Sarah Huckabee Sanders, the White House press secretary, said Mr. Trump had chosen his figures selectively in the conversation with Mr. Trudeau and in a subsequent Twitter post that repeated the claim. The president was referring only to the trade of goods, which ignores the larger trade surplus in services the United States exports to Canada, Ms. Sanders said.

And in a briefing with reporters, she acknowledged that Mr. Trump had fabricated an anecdote he told the donors about unfair trading practices — Japanese officials, he claimed, conduct a test on American cars by dropping a bowling ball on their hoods from 20 feet high, and those that dent are barred from being imported.

“Obviously, he’s joking about this particular test,” Ms. Sanders told reporters who confronted her about the veracity of the tale. “But it illustrates the creative ways some countries are able to keep American goods out of their markets.”

Her explanation came two weeks after Hope Hicks, the White House communications director, told lawmakers on Capitol Hill that she sometimes told white lies on behalf of Mr. Trump.

The latest instance of Mr.

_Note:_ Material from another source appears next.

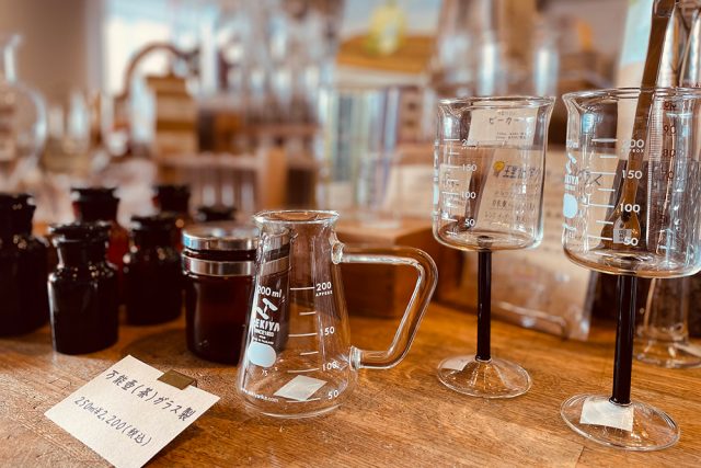 誰もが一度は目にしたことのあるビーカー、試験管、薬匙、メスシリンダーなどを販売中。

Trump bending the truth emerged after The Washington Post published an account of the president boasting about his disingenuous exchange with Mr. Trudeau at a fund-raising dinner on Wednesday night in Missouri. On Thursday, the president refused to back down from the erroneous claim about the trade balance between the United States and Canada.

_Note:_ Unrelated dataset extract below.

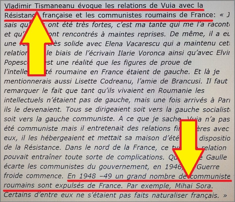 S-a ajuns pînă acolo, încît Vladimir Tismăneanu, odrasla unui dintre cei mai nenorociţi stalinişti care au instalat comunismul în România, să ameninţe în stînga şi-n dreapta, uitînd că el însuşi a fost cel care a aruncat primele zoaie pe imaginea lui Mihai Şora, într-un interviu din 2014 pentru Radio România Internaţional, în care vorbea tocmai despre „comuniştii români expulzaţi din Franţa”, dîndu-l ca exemplu chiar pe Mihai Şora, pe care acum zice că-l apără: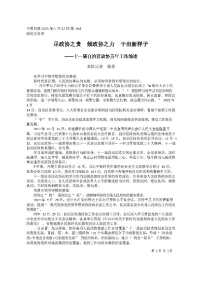 / 署名文章:2023.01.12本报记者高菲:尽政协之责倾政协之力干出新样子

“We do have a Trade Deficit with Canada, as we do with almost all countries (some of them massive),” Mr. Trump wrote on Twitter. In an audio recording from the dinner obtained by The Post, a transcript of which was published on Thursday, Mr. Trump recounted how he pressed that point in a meeting with Mr. Trudeau even though he had “no idea” whether it was true.

The United States ran a trade surplus of $600 million in goods and services with Canada in January, according to the Commerce Department

.. But during the fund-raiser for a Senate candidate in Missouri, Mr. Trump said he had refused to concede the point in a meeting with Mr. Trudeau, as the prime minister repeatedly pushed back.

“He said, ‘No, no, we have no trade deficit with you, we have none; Donald, please,’” Mr. Trump told the donors according to the transcript, calling Mr. Trudeau a “nice guy, good-looking.”

“I said, ‘Wrong, Justin, you do.’ I didn’t even know,” Mr. Trump said. “I had no idea. I just said, ‘You’re wrong.’ You know why? Because we’re so stupid.”

Mr. Trump’s retelling drew rebukes from some diplomats and lawmakers who argued that it reflected a dangerous penchant by the commander in chief to misrepresent the truth.

“The president’s admission that he’s literally making things up while speaking face-to-face with a world leader should stop us all in our tracks,” said Representative Eliot L. Engel, Democrat of New York and the ranking member of the Foreign Affairs Committee. “How can any other government — ally or adversary — have any confidence in what our president says when he admits to lying?

During the conversation, the president said he and Mr. Trudeau had tangled repeatedly about the trade balance, with the prime minister saying, “Nope, we have no trade deficit,” and Mr. Trump ultimately sending an aide to, “Check, because I can’t believe it.”

The president then claimed that his contention had been validated, appearing to quote an aide he said had told him, “‘Well sir you’re actually right. We have no deficit, but that doesn’t include energy and timber. But when you do, we lose $17 billion a year.’ It’s incredible.”

.. Officials in Mr. Trump’s administration insisted that the United States runs a steel trade deficit with Canada even though data from both governments show that trade is balanced.

.. Mr. Trump’s top trade negotiators have presented a list of demands for revising Nafta that Canada has declared unacceptable. Mr. Trudeau has said that Canada is prepared to abandon Nafta rather than accept a “bad deal” and Mr. Trump has similarly threatened to withdraw from the pact.

.. Bruce A. Heyman, the United States ambassador to Canada under President Barack Obama, said that Mr. Trump’s approach was “creating a crisis where none existed before.”